Wieso das Aus für das EU-Rahmenabkommen die Börse kaum kümmert
Makroökonomisch hat der Verhandlungsabbruch für die Schweizer Volkswirtschaft keine grosse Bedeutung. Für einzelne Branchen hingegen könnte es schwieriger werden.
3. Juni 2021
Der Versuch der Schweiz, mit der EU ein institutionelles Rahmenabkommen zu schnüren, ist gescheitert. Als unüberwindbar haben sich die Diskussionen zum Lohnschutz, über die Unionsbürgerrichtlinie und die staatlichen Beihilfen erwiesen. Aber welche wirtschaftlichen Implikationen hat der Verhandlungsabbruch für die Schweiz? Grundsätzlich lässt sich sagen, dass die Schweiz auch weiterhin über ein bilaterales Vertragswerk mit der EU verfügt.
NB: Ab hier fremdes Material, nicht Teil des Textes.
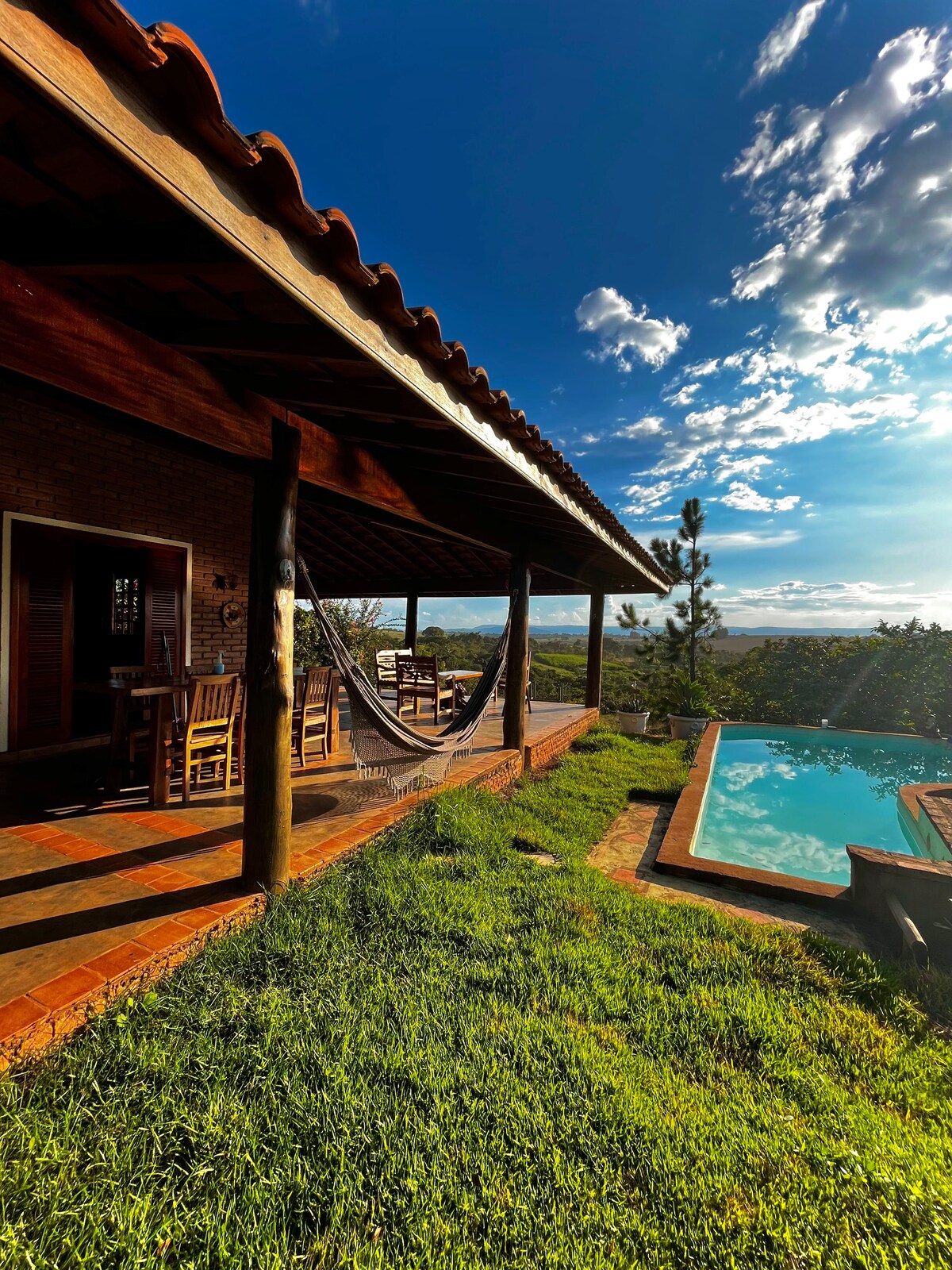 Hus byggt av ett par fransmän som är förälskade i vår Serra da Canastra. Beläget nära staden och flera vattenfall. Med en rymlig balkong – allt i rustik stil, rymmer den upp till 10 personer, perfekt för att njuta av poolen, ha grill och beundra landskapet och floran – mycket karakteristisk för Cerrado. LANDSBYGD: ÄR UTSATT FÖR DAMM, DJUR/INSEKTER. VI TILLHANDAHÅLLER INTE SÄNG-/BADLINNEN.

Daran dürfte sich bis auf weiteres auch nichts ändern.
Wie sich allerdings die Position der Schweiz bei zukünftigen Vertragsverhandlungen mit der EU darstellt, wird sich erst noch zeigen. In der Konsequenz haben denn auch die Börsen nur wenig auf das Scheitern des Rahmenvertrags mit der EU reagiert. Die Einschätzung der Marktteilnehmer ist es, dass die seit langer Zeit international operierenden börsenkotierten Unternehmen von dieser Entwicklung wenig spüren. Beinahe alle diese Firmen produzieren bereits im EU-Raum. Weniger im Fokus steht auch das Gros der kleineren und grösseren Dienstleistungsunternehmen.
Vorteile für kleinere Nischenplayer
Sie erbringen ihre Leistung in erster Linie vor Ort und damit in der Schweiz. Problematischer könnte sich die Situation für Unternehmen erweisen, die Güter in der Schweiz produzieren und diese in der EU verkaufen. Aber auch hier gilt es zu differenzieren. Aktuell ist davon auszugehen, dass Unternehmen mit hochspezialisierten Produkten in Nischenmärkten ihre Güter weiterhin absetzen können.
Schwieriger dürfte es für Unternehmen werden, die Produkte herstellen, die in ähnlicher Form im EU-Raum produziert werden. Ein erschwerter Zugang zum EU-Markt in Kombination mit den Eigenschaften des Arbeitsmarktes der Schweiz (hohe Löhne) erschweren die wirtschaftliche Entwicklung dieser Unternehmen. Dabei ist zu berücksichtigen, dass letztere Firmen oft personalintensiver operieren als hochspezialisierte Unternehmen. Die Folge wäre eine steigende Arbeitslosigkeit in betroffenen Branchen.
2021 entscheidet der Bundesrat im Alleingang
Kommt hinzu, dass sich eine erhöhte Unsicherheit über die politische und wirtschaftliche Entwicklung mit der EU zumindest vorübergehend lähmend auf die Investitionstätigkeit vieler Unternehmen auswirken könnte. Während also auf makroökonomischer Flughöhe die Auswirkungen des Verhandlungsabbruchs eine untergeordnete Bedeutung haben, dürfte es in einzelnen Branchen dennoch zu grösseren Anpassungen kommen. Im Fokus stehen dabei die produzierenden Sektoren wie die Maschinenindustrie.
Vieles erinnert an die Entwicklung der Schweiz im Nachgang zum EWR-Nein von 1992, mit dem Unterschied, dass die Bevölkerung der Schweiz damals an der Urne über ihr Schicksal selbst entscheiden konnte. 2021 tat es der Bundesrat im Alleingang.